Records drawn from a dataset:
----

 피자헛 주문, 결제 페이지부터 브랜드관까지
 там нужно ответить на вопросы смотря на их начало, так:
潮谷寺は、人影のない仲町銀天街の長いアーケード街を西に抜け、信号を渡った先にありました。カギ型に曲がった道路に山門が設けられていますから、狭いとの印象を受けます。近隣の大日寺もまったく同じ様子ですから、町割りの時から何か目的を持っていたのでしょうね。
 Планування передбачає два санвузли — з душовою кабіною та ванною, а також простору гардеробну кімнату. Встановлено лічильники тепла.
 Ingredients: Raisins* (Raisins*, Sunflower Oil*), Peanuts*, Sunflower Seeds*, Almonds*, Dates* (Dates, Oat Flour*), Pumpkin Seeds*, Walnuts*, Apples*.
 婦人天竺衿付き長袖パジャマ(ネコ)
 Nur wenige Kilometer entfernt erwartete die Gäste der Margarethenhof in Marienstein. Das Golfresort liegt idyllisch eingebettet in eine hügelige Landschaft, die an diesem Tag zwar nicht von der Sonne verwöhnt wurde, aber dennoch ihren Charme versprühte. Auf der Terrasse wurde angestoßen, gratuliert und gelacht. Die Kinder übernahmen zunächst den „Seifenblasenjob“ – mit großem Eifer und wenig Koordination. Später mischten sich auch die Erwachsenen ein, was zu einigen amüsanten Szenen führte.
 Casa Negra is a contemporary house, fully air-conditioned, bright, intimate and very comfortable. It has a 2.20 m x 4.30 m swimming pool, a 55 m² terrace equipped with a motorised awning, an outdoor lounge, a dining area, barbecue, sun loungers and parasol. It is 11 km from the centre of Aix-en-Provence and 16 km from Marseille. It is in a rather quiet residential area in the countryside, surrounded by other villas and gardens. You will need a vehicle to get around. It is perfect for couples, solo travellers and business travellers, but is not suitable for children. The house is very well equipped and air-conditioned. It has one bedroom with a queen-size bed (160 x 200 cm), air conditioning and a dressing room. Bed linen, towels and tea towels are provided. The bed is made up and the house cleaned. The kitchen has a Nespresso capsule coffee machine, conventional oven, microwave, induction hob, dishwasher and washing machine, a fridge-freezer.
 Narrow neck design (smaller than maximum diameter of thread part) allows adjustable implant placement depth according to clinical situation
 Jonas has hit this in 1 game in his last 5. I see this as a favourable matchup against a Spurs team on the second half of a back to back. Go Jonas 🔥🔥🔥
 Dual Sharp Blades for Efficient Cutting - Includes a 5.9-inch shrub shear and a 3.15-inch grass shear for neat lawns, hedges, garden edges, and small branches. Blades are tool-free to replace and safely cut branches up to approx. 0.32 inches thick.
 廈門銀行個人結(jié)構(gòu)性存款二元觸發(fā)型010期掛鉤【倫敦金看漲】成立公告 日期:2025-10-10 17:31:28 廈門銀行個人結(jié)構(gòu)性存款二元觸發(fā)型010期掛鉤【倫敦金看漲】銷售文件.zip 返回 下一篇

----

§ **What is needed**: As listed above, the lines from the line with "Ingredients: Raisins* (Raisins*, Sunflower" to the line with "Nur wenige Kilometer" are to be echoed exactly, with both ends included and nothing added.

§ **Your solution**:
 Ingredients: Raisins* (Raisins*, Sunflower Oil*), Peanuts*, Sunflower Seeds*, Almonds*, Dates* (Dates, Oat Flour*), Pumpkin Seeds*, Walnuts*, Apples*.
 婦人天竺衿付き長袖パジャマ(ネコ)
 Nur wenige Kilometer entfernt erwartete die Gäste der Margarethenhof in Marienstein. Das Golfresort liegt idyllisch eingebettet in eine hügelige Landschaft, die an diesem Tag zwar nicht von der Sonne verwöhnt wurde, aber dennoch ihren Charme versprühte. Auf der Terrasse wurde angestoßen, gratuliert und gelacht. Die Kinder übernahmen zunächst den „Seifenblasenjob“ – mit großem Eifer und wenig Koordination. Später mischten sich auch die Erwachsenen ein, was zu einigen amüsanten Szenen führte.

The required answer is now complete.